Magic: The Ungathering
There was a time when certain children’s games were considered to be instruments of the actual Devil by conservative religious sects. The so-called “Satanic Panic” targeted not only purported occult items like Ouija Boards and Tarot Cards, but also nerdy role-playing games like Dungeons & Dragons. In retrospect it’s hard to know what to be more incredulous about — the idea that Ouija Boards and Tarot Cards were effective ways of channeling Lucifer, or that a bunch of kids playing D&D were channeling anything more nefarious than JRR Tolkein.
These things were all completely forbidden in my house. In fact, my grandmother told me her hall closet was haunted because that’s where the people who lived in the house before her kept their Ouija board. An interesting artifact of this time is Christian musician Carman’s 1989 song ‘The Witch’s Invitation,’ which features the following lyric, “His house was filled with every occultic symbol you could fathom; Hanging pentagrams and horoscope signs, a Ouija board and dungeons and dragons game set on the table, a crystal ball with an incandescent shine.”
In the mid ‘90s, a dangerous new game swept through my junior high school — Magic: the Gathering. The game featured fantastical characters and elements with corresponding numerical strengths and weaknesses similar to ‘D&D’, but on lusciously illustrated collectible cards. As a bookish child with a love for fantasy, I was captivated the moment I saw the enchanted landscapes, mysterious sorcerers, and terrifying monsters populating the cards. My love, however, remained unrequited, as a few of the first magic cards prominently featured pentagrams in the character art. So while all my friends played at the lunch table every day, I would flip through their cards longingly. Entranced by the thought that these small cardboard rectangles could somehow contain so much, well, magic.
Like most things my friend and I were into at the time — Magic cards, comic books, The Offspring — we got older and preoccupied. Although I would never quite stop reading comics, or secretly loving “The Kids Aren’t Alright (Shattered Dreams),” I hadn’t really thought much about the game until I wandered into a local game shop with some tweens of my own a few weeks ago.
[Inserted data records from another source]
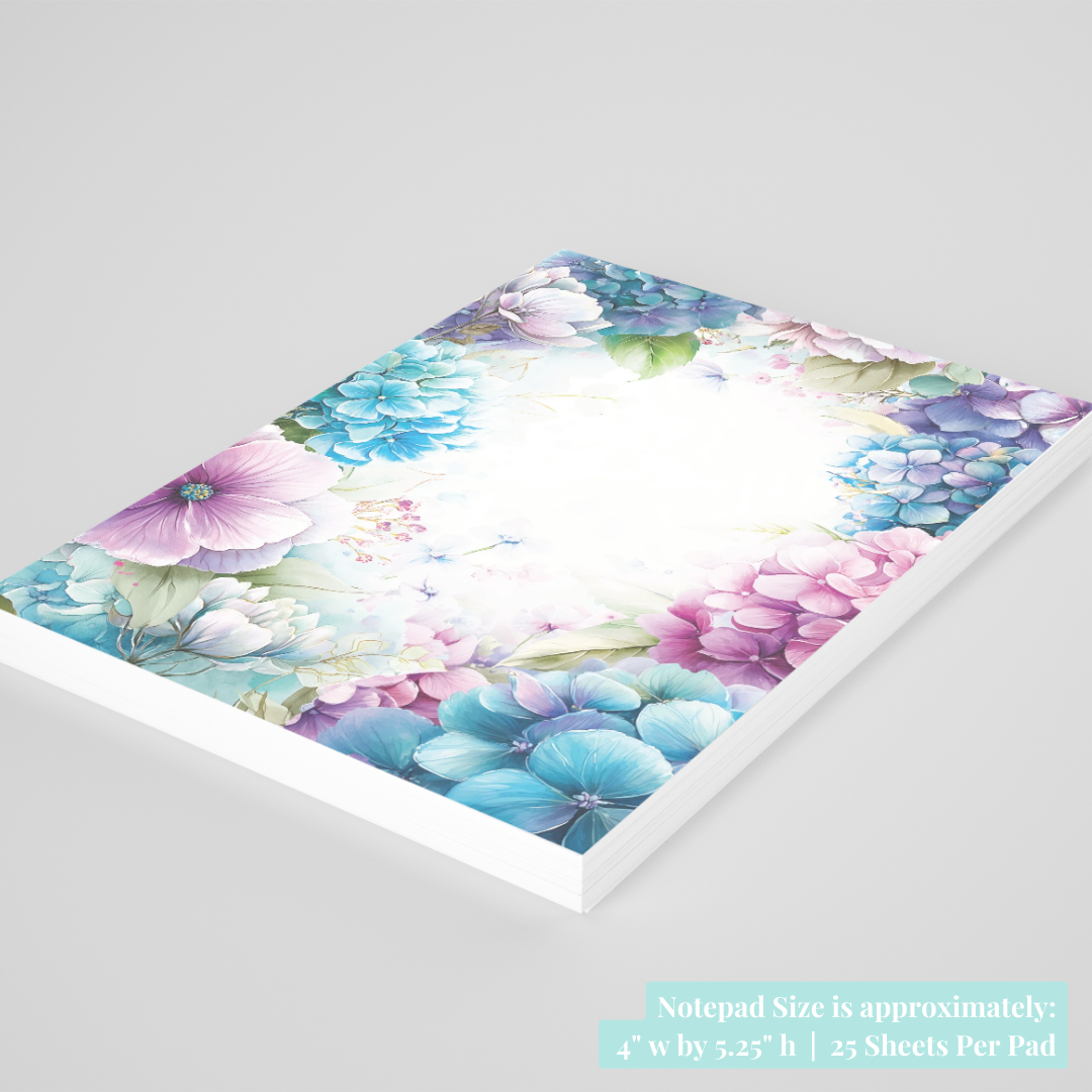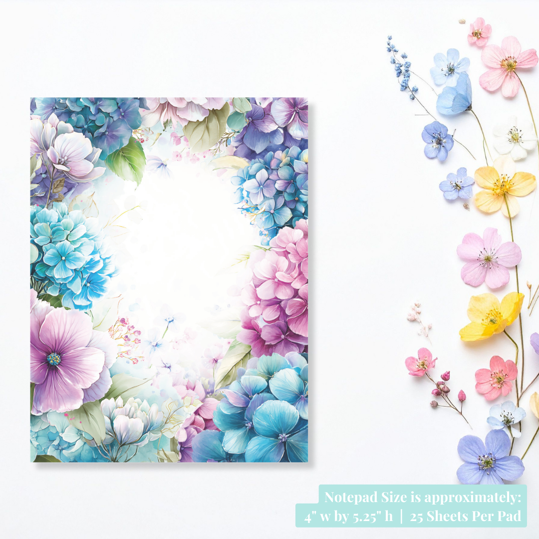 Soft, romantic, and filled with layered botanical detail, this floral paper notepad features a lush frame of hydrangeas and delicate blooms in shades of aqua, soft teal, blush pink, lavender, and fresh green. The flowers cascade inward from all four sides, creating a dreamy conservatory-inspired border while leaving a bright, open centre for writing. The overall look feels airy and painterly, with gentle watercolour blending that gives it that light-filled greenhouse atmosphere. Designed to coordinate beautifully with The Luminous Conservatory Greenhouse sticker kit, this notepad brings the same elegant botanical aesthetic to your desk and planner setup.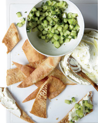 Serve the whipped feta lightly chilled or at room temperature with the cucumbers and toasts.
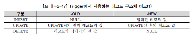 ① Trigger를 선언한다.CREATE OR REPLACE Trigger SUMMARY_SALES : Trigger 선언문AFTER INSERT : 레코드가 입력이 된 후 Trigger 발생 ON ORDER_LIST : ORDER_LIST 테이블에 Trigger 설정FOR EACH ROW : 각 ROW마다 Trigger 적용 ② o_date(주문일자), o_prod(주문상품) 값을 저장할 변수를 선언하고, 신규로 입력된 데이터를 저장한다. : NEW는 신규로 입력된 레코드의 정보를 가지고 있는 구조체 : OLD는 수정, 삭제되기 전의 레코드를 가지고 있는 구조체 [표 Ⅱ-2-17] 참조 ③ 먼저 입력된 주문 내역의 주문 일자와 주문 상품을 기준으로 SALES_PER_DATE 테이블에 업데이트한다. ④처리 결과가 SQL%NOTFOUND이면 해당 주문 일자의 주문 상품 실적이 존재하지 않으며, SALES_ PER_DATE 테이블에 새로운 집계 데이터를 입력한다.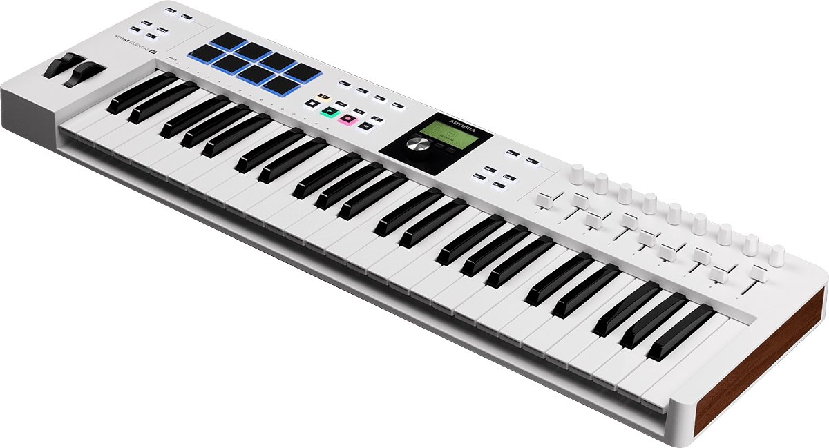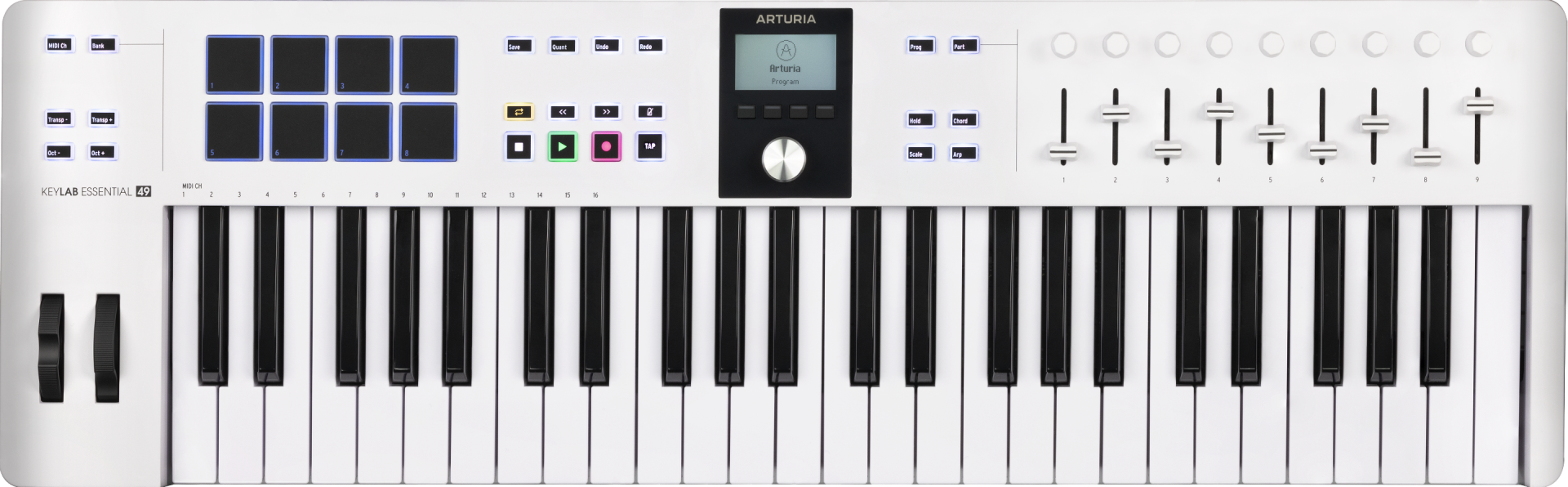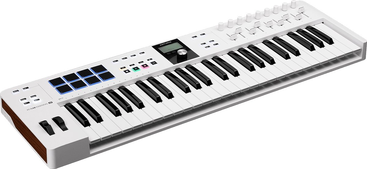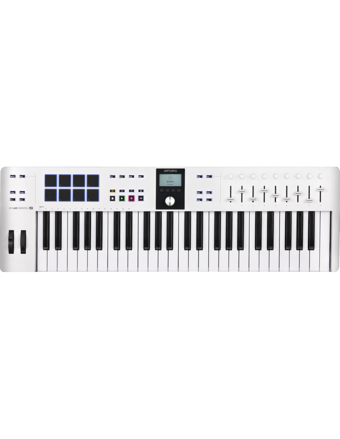 The Keylab 49 Essential MK3 White is an Arturia MIDI keyboard in white color, with 49 keys. It is equipped with 8 backlit pads, 9 faders and rotary controls, DAW command center and transport section, 2.5-inch LCD screen and 2 pitch bend and modulation wheels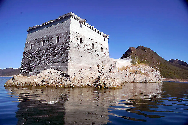 潘家口水庫“水下長城”,一船只從城墻邊駛過(攝于2012年)。新華社發(fā)(朱建軍 攝)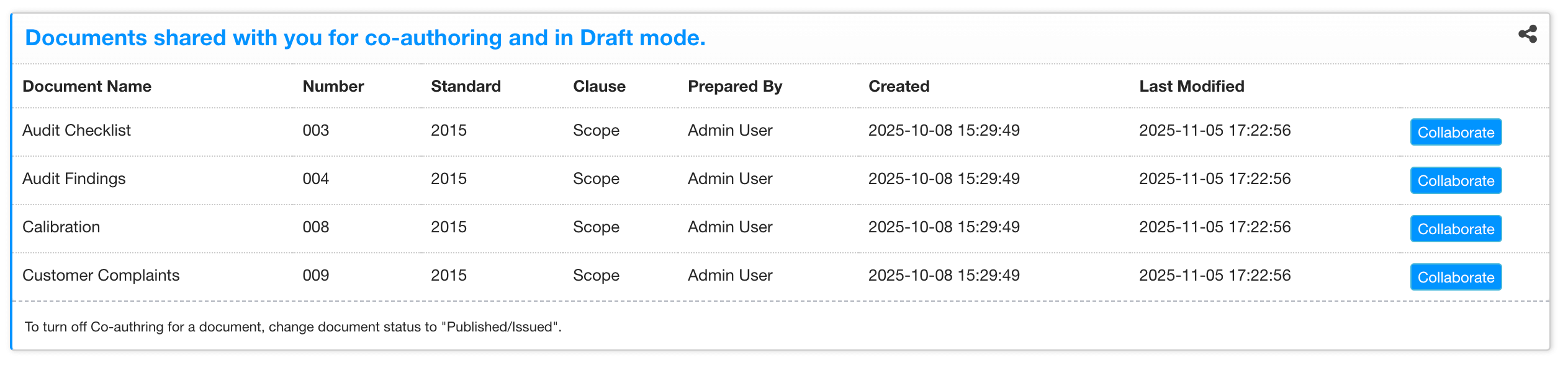 When a creator creates a document and when that document is in "Draft" mode, both the user and editors can simultaneously access the same document in Co-authoring mode. All such documents are displayed on user's dashboard. Users can click on "Collaborate" button to open the document for editing.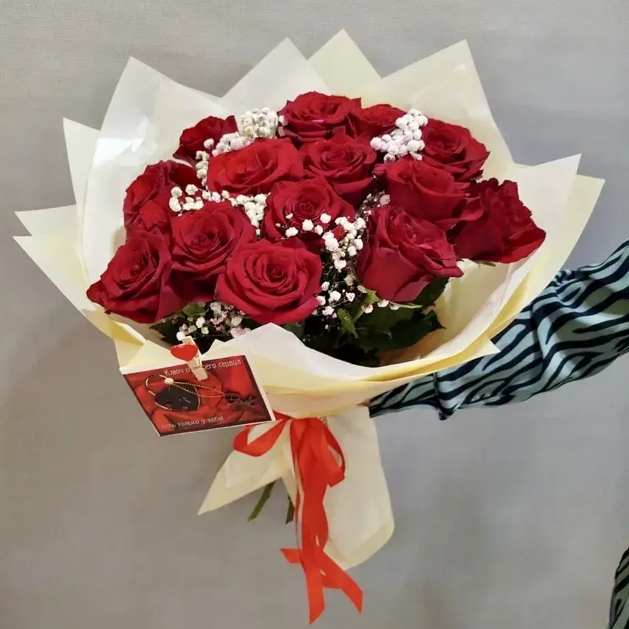 роза-15шт, гипсофила, упаковка, лента |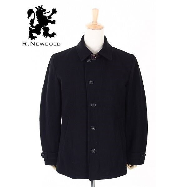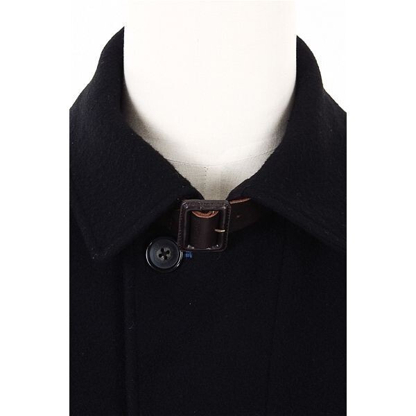 A5320/美品 秋冬 R.NEWBOLD アールニューボールド ポールスミス ウール 起毛 無地 襟ベルト ハーフ ステンカラーコート L2 黒/メンズ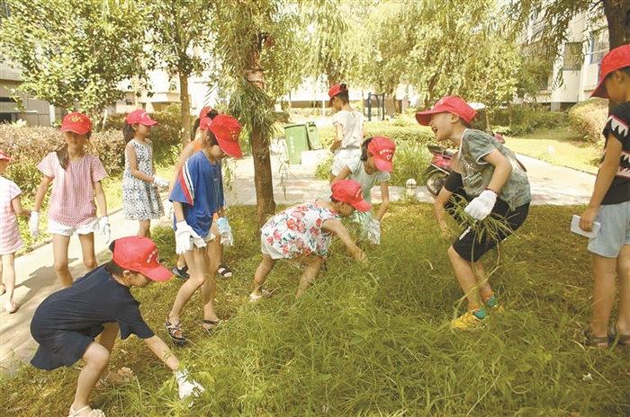 近日,岳林街道上林社区假日学校师生、家长和社区工作人员开展捡拾垃圾、清除杂草活动,美化了社区环境。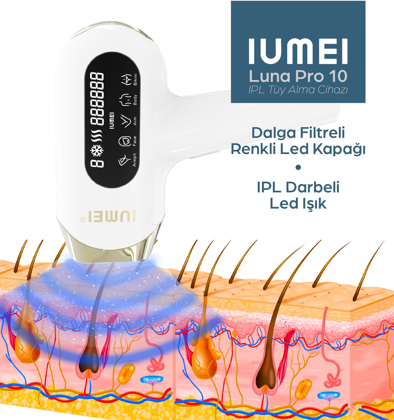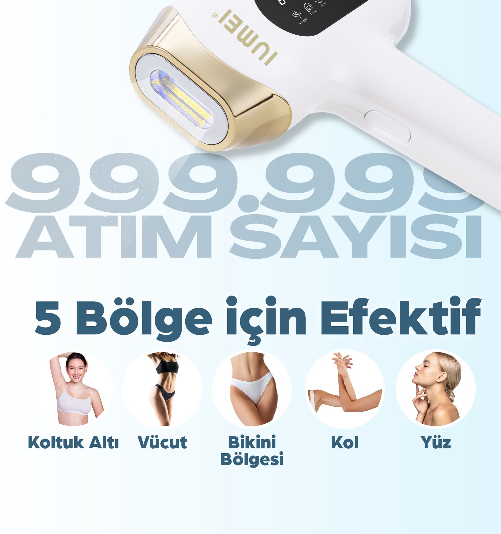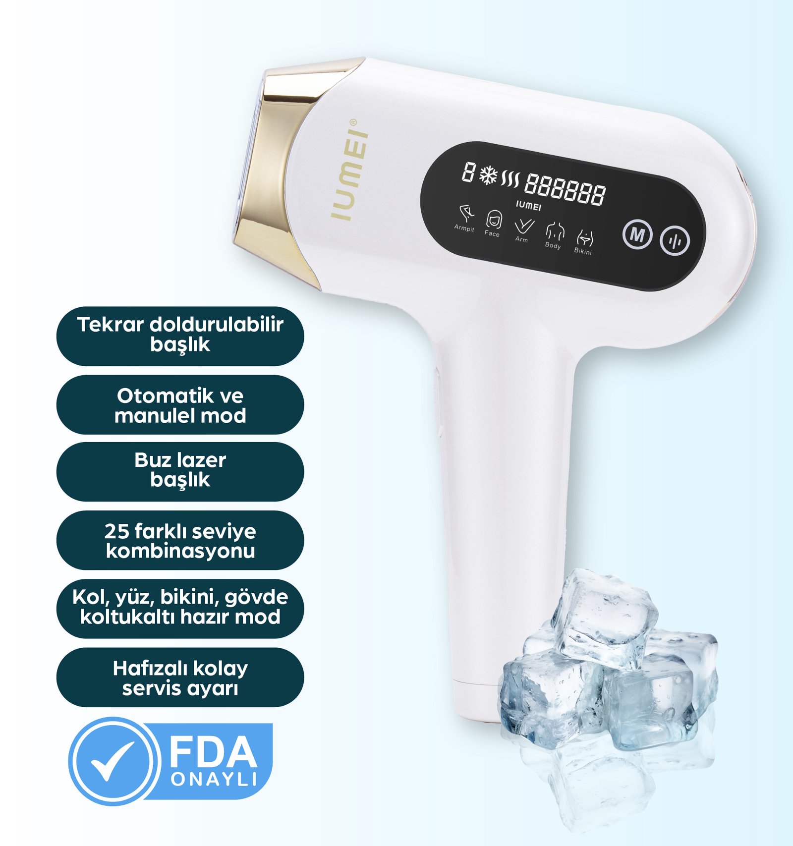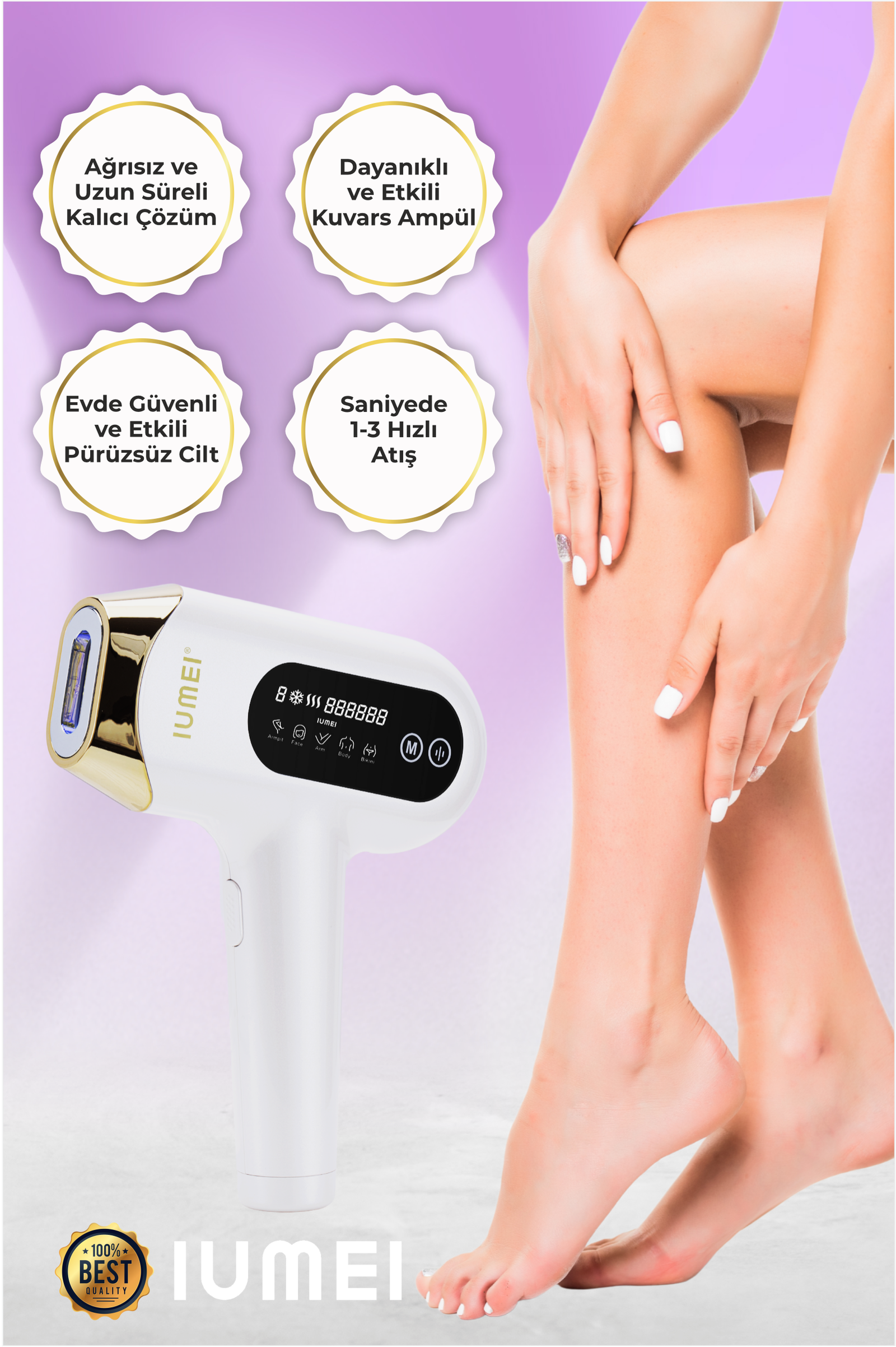 IUMEI IPL Safir Buz Lazer Epilasyon 1 milyon Atım Otomatik/manuel, Hızlı Ağrısız Tüm Vücut, Cilt Sensörlü
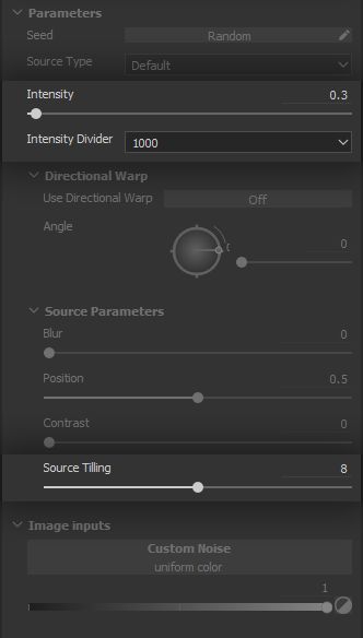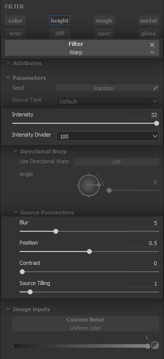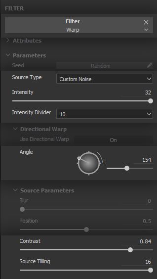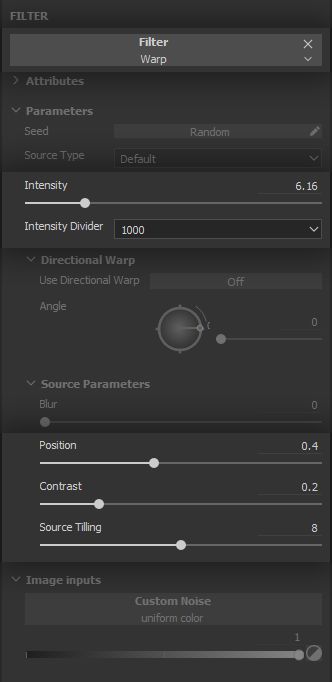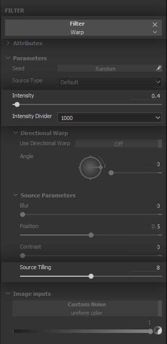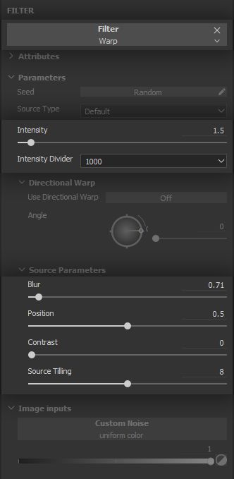 The fuzziness being very fine, we use high intensity divider and tiling for the warp Filter, with a low overall intensity value.

Their friends had recently started playing, and my kids jumped at the chance to get free introductory decks of cards from the nice lady behind the counter. As they picked out their decks (fire for my son and water for my daughter) an amazing thing happened when the lady handed a deck to me — I was suddenly flushed with memories of my junior high lunch room, the crushing sense of omniscient guilt that comes with a strict religious upbringing, and an overwhelming gratitude that my kids won’t know that guilt. It’s easy to be cynical. I know they’ll get all new neuroses from me, but so much of parenting is claiming little victories when you can.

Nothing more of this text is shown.